Dalla fine del 2016 dal progetto pilota, conclusosi positivamente, si è passati ad una produzione su scala industriale di preparazioni a base di cannabis con l'intento di soddisfare la sempre più crescente domanda di tale farmaco, a cura di istituzioni sanitarie e farmacie private. La tipologia di Cannabis prodotta dallo stabilimento Militare italiano è l’FM1 e l’FM2 i quali principi psicoattivi non superano l’8% (THV) e il 12%(CBD). Quali sono le caratteristiche della Cannabis terapeutica italiana? La sigla FM sta per Farmaceutico Militare, il numero 2 si riferisce alla presenza di entrambi i due principali costituenti attivi della pianta, il THC e il CBD; quantitativamente è simile per composizione alla varietà Bediol (olandese). Nella cannabis militare il THC è stimato in percentuali tra il 5 e l’8% mentre il CBD tra il 7,5 ed il 12%. Il ministero la descrive come «costituita da infiorescenze femminili non fecondate, essiccate e macinate con granulometria inferiore a 4 mm». Il costo del prodotto rispetto alla produzione olandese ha una leggera convenienza, come da tariffa nazionale (obbligo di legge e il cui ultimo aggiornamento risale al 1992) il prezzo è calcolato aggiungendo l’Iva e quindi raddoppiando il prezzo di acquisto e in questo caso corrisponde ad un importo finale per il paziente di 15 € al grammo.
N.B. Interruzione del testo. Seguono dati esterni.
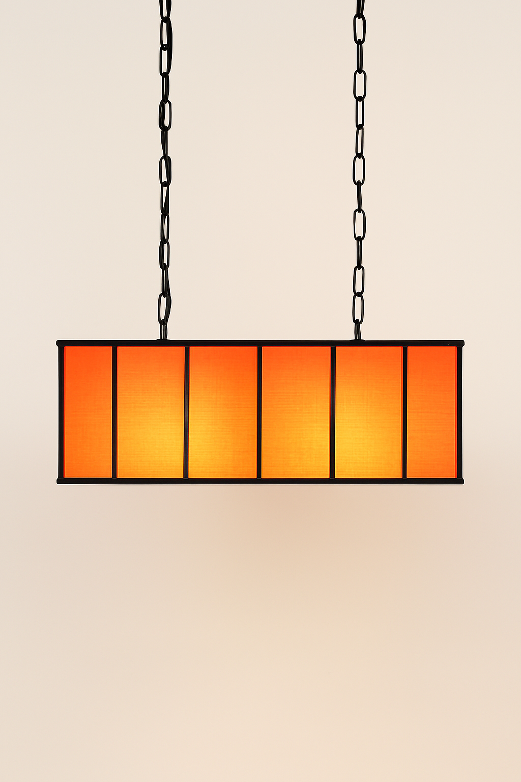 • Malzeme: Turuncu tekstil yüzey, siyah metal çerçeve, sıcak ışık difüzörü
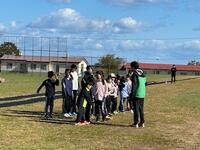 10/11(土)、町教育委員会からの委託を受けて、2回目の「かけっこ教室」を開催しました。陸上競技部員と本校に教育実習できていた陸上競技部のOBがコーチとなって、近隣の小学生17名に身体の動かし方や短距離走、投てきの指導を行いました。当日は肌寒かったのですが、天候に恵まれ本校のグラウンドで実施することができ、前半はグラウンドで、短距離走の練習をし、速く走るための姿勢についてレクチャーしました。後半は体育館に移動し、ドッヂボールで体を動かし、ジャベリックボールの投げ方などを丁寧に教えました。将来、雄武高校に入学して、陸上競技部で活躍してくれることを期待していますよ~!
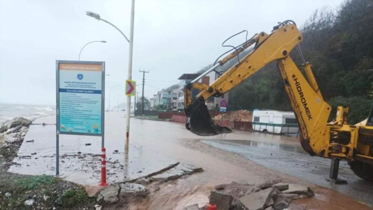 Bursa'da sağanak nedeniyle deniz taştı: Sahil su altında kaldı

La prescrizione di cannabis terapeutica, sia l’olandese Bediol Floss (THC 6% e CBD 8%) che l’italiana Cannabis FM2 (THC 5-8% and CBD 7-12%) è utilizzata per contrastare il dolore ed è la più diffusa, in quanto il rapporto tra Cannabidiolo (CBD) e Delta-9-tetrahydrocannabinolo (THC) assicura un effetto equilibrato tanto a livello nervoso che muscolare: I risultati delle ricerche dimostrano che, di fronte a un effetto similare dei due farmaci sulla riduzione dell’intensità del dolore nel corso del tempo, aspetto quantitativo, il trattamento con FM2 si dimostra maggiormente efficace per quanto riguarda le dimensioni qualitative associate all’esperienza del dolore; nel trattamento con Cannabis FM2 si registra una minor presenza di effetti collaterali, minor frequenza d’assunzione del tradizionale analgesico e una maggior riduzione della sintomatologia ansiosa e depressiva. Le modalità di prescrizione per ottenere la cannabis FM2 italiana dello stabilimento farmaceutico Militare di Firenze sono identiche a quelle della cannabis olandese, cambia solo il nome. La ricetta può quindi essere redatta da qualsiasi medico, su normale ricettario in bianco. Non ci sono inoltre vincoli prescrittivi alla libertà del medico, che prescrive sempre secondo scienza e coscienza e in base alla già citata Legge 94/98.